В телеграмме говорилось:
НАЙДЕН УОЛЛИ ЖИВ ТЧК
ЕГО ЛЕЧАТ БОЛЬНИЦЕ ЦЕЙЛОНЕ ЭНЦЕФАЛИТА ТЧК
ДОСТАВЛЕН РАНГУНА БИРМА ТЧК
ТЕМПЕРАТУРА 92 ТЧК
ПАРАЛИЗОВАН ТЧК
ВЕСИТ СТО ПЯТЬ ФУНТОВ ТЧК
С ЛЮБОВЬЮ ОЛИВ
– Сто пять фунтов! – воскликнул Гомер.
– Жив! – прошептала Кенди.
– Парализован, – сказала сестра Эдна.
– Энцефалит, – проговорил д-р Кедр.
– Уилбур, как может быть у человека температура девяносто два9 градуса? – спросила сестра Эдна.

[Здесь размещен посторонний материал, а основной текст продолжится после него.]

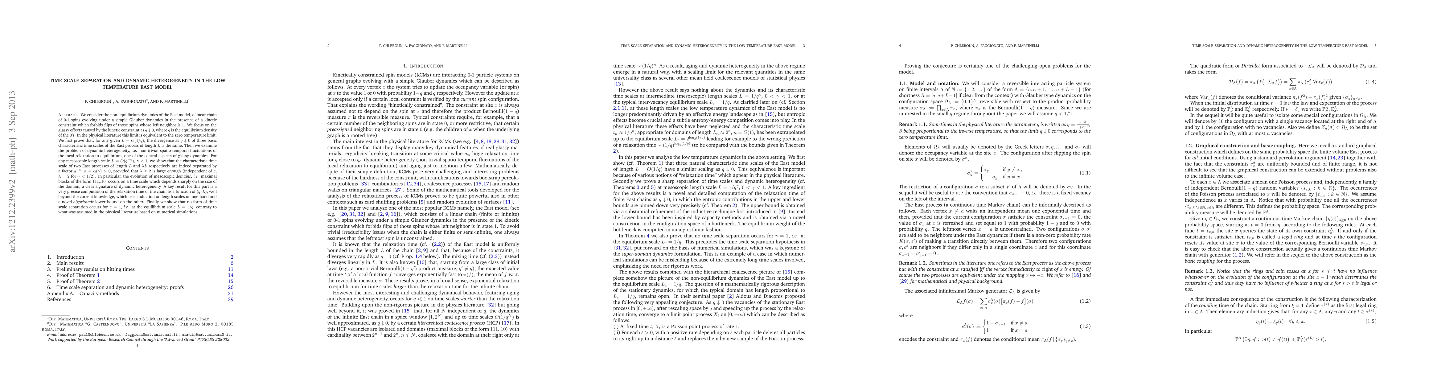 This paper investigates the non-equilibrium dynamics of the East model, revealing time scale separation and dynamic heterogeneity as the equilibrium density of 0's approaches zero. It demonstrates that characteristic time scales diverge and separate for mesoscopic length scales, highlighting the sharp dependence on domain size, a signature of dynamic heterogeneity, while refuting previous assumptions about time scale separation at equilibrium length scales.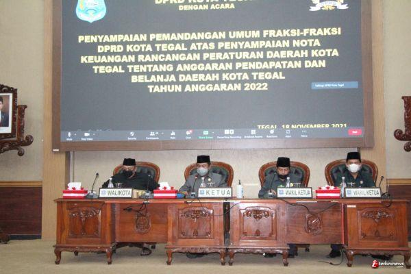 Hal tersebut disampaikan saat pelaksanaan Rapat Paripurna DPRD Kota Tegal dengan agenda Rapat Paripurna Pemandangan Umum Fraksi- fraksi DPRD Kota Tegal atas Penyampaian Nota Keuangan RAPBD Tahun 2022, Kamis (19/11/2021) di Ruang Rapat Paripurna DPRD Kota Tegal.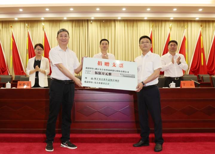 安吉一銀行定向捐贈保護資金500萬元。夏鵬飛攝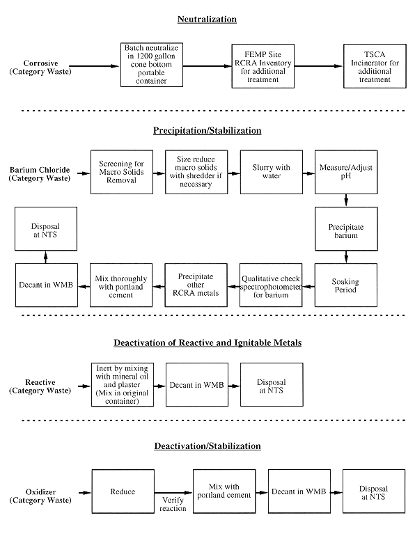 Wastes in the oxidizer category are hazardous because of their tendency to react with other chemicals in a sometimes violent oxidation/reduction reaction. Deactivation treatment takes advantage of this tendency by adding reducing agents in a safe and controlled manner to bring the oxidation/reduction reaction to completion before the waste is offered for disposal. Most of the wastes to be treated by deactivation were nitrate salts of various metals (sodium, potassium, uranium, and thorium). In addition, thorium was present in its oxide and fluoride forms. RCRA metals of concern included barium, chromium, lead, and mercury.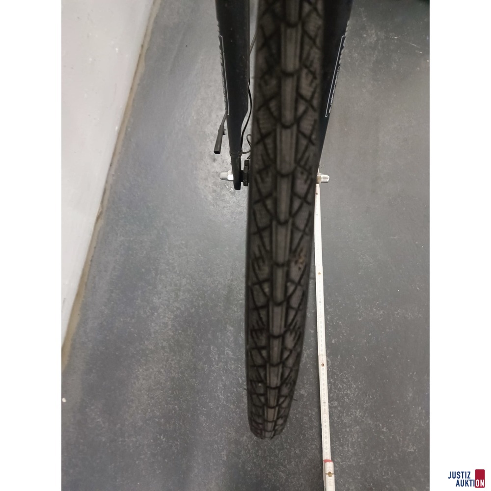 Es handelt sich hier um ein Damenfahrrad (Citybike) der Marke Gudereit in weiß. Es sind Felgenbremsen vorhanden und eine Shimano-Gangschaltung. Das Fahrrad weist Gebrauchsspuren auf.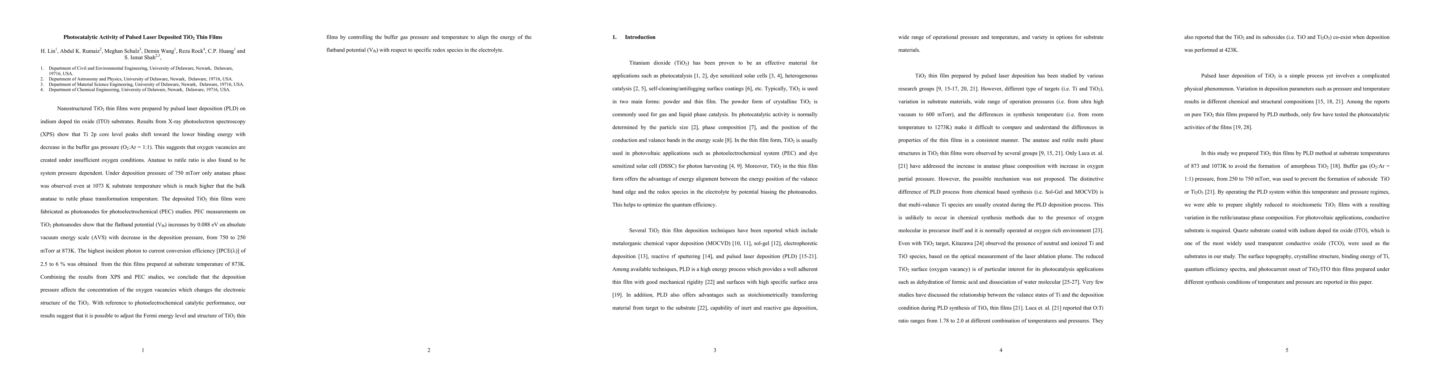 This study investigates the influence of deposition pressure on the photocatalytic activity of pulsed laser deposited TiO2 thin films. It finds that lower deposition pressures create oxygen vacancies, altering the electronic structure and enhancing photoelectrochemical performance, with an IPCE of up to 6% at 873K.

Этого д-р Кедр не знал и даже не пытался строить догадки. Организм капитана Уортингтона, сбитого над Бирмой десять месяцев назад, получил такие травмы, в нем обнаружились такие расстройства, что пройдут годы, пока Уолли частично оправится от них.

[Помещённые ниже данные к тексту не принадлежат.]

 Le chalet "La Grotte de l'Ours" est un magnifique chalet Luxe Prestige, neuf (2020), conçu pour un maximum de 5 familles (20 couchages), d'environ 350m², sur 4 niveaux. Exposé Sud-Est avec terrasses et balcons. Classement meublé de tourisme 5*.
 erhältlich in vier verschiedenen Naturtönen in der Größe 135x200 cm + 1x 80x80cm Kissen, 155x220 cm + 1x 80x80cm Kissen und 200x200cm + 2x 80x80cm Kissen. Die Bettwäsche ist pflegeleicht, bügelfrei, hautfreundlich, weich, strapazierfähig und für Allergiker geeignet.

Он выпрыгнул из самолета при таком сильном дожде, что ему показалось, будто парашют, раскрываясь, чувствует сопротивление водяных потоков. Рев мотора был совсем рядом, так что Уолли на какой-то миг испугался, уж не слишком ли рано дернул за шнур. И еще он боялся бамбука – не раз слышал истории про летчиков, насквозь пропоротых острыми бамбуковыми побегами.

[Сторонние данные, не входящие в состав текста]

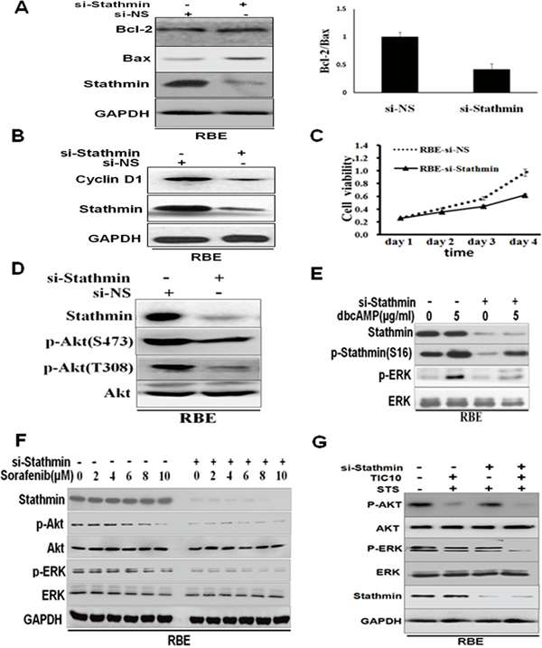 Figure 5: Knockdown of Stathmin in RBE attenuated the Akt and ERK phosphorylation levels. A. Western blot analysis of Bax and Bcl-2 expression in the RBE cells, transfected with 4μgStathmin-siRNA, or non-sense control, siRNA, as indicated. The right chart is the quantification of the Bax/Bcl-2 expression ratio by densitometric analysis. B. Expression of cell cycle regulatory protein, cyclinD1, after the RBE cell was transfected with Stathmin−siRNA, or non-sense control, siRNA, was detected by Western blotting. C. RBE cell viability was performed using the Cell Counting Kit-8® assay continuously for 4 days transfected with Stathmin−siRNA, or non-sense control, siRNA. D. The activity of Akt was inhibited in response to the RBE cells transfected with Stathmin-siRNA. E. dbcAMP was used to treat the RBE cells transfected with Stathmin-siRNA or non-sense control, siRNA. Western blot analysis was used to determine the expression of p-ERK, ERK and p-Stathmin (S16). F. Different concentrations of sorafenib-treated RBE cells were transfected with Stathmin-siRNA or non-sense control, siRNA. Western blot analysis was used to determine the expression of p-ERK and ERK, p-Akt and Akt. G. TIC10 was used in inhibition of Akt and ERK. 1μM STS was used for 4 hours after RBE-si NS and RBE-si Stathmin cells were treated with 2.5μM TIC10 for 36 h. Western blot was performed to check the efficiency of ERK and Akt activity in Stathmin-regulated apoptosis.

Опустился он на тиковое дерево и, ударившись о ветку, вывихнул плечо. Очевидно, он ударился и головой, потому что потерял сознание. Очнулся ночью и, не зная, на какой высоте находится, решил не сразу обрезать стропы парашюта. От нестерпимой боли в плече сделал укол морфия – очень большую дозу – ив темноте выронил шприц.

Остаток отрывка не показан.